#### [Requirement]
In the entries that follow, the first line to write out is the one containing "2026年2月18日(水曜日", and the last is the one containing "This application serves". Reproduce that stretch exactly, with nothing before or after it.
[Source data Boundary: Start]
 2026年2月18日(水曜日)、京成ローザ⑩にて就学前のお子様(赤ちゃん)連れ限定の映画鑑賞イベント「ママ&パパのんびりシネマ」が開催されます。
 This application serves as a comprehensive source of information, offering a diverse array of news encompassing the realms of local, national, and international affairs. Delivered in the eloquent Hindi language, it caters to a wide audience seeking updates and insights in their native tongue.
[Source data Boundary: End]
[Source data Boundary: Start]
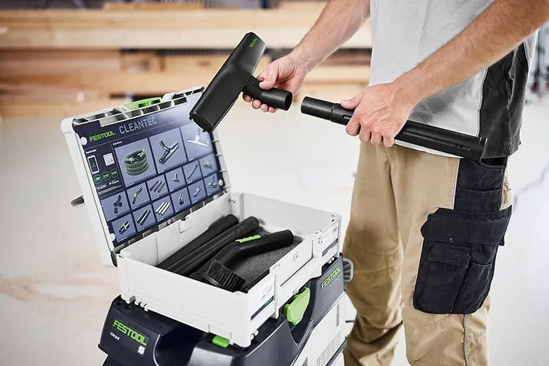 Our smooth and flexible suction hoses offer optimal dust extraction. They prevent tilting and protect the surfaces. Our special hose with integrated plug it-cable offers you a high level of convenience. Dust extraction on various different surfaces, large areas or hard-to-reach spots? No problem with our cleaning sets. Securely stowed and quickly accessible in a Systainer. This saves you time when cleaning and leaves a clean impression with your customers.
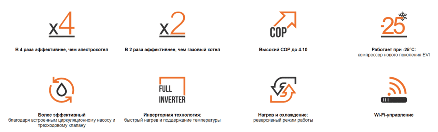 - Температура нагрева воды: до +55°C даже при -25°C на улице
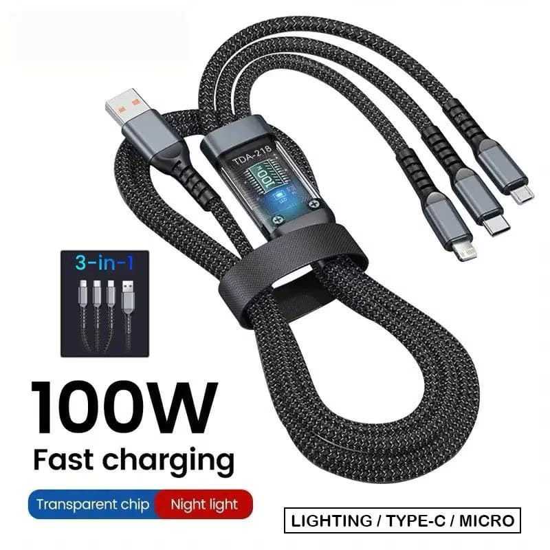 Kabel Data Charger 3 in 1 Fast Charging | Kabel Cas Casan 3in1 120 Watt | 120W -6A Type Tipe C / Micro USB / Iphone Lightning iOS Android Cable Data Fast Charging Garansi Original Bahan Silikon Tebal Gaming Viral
[Source data Boundary: End]
#### [Response box]
 2026年2月18日(水曜日)、京成ローザ⑩にて就学前のお子様(赤ちゃん)連れ限定の映画鑑賞イベント「ママ&パパのんびりシネマ」が開催されます。
 This application serves as a comprehensive source of information, offering a diverse array of news encompassing the realms of local, national, and international affairs. Delivered in the eloquent Hindi language, it caters to a wide audience seeking updates and insights in their native tongue.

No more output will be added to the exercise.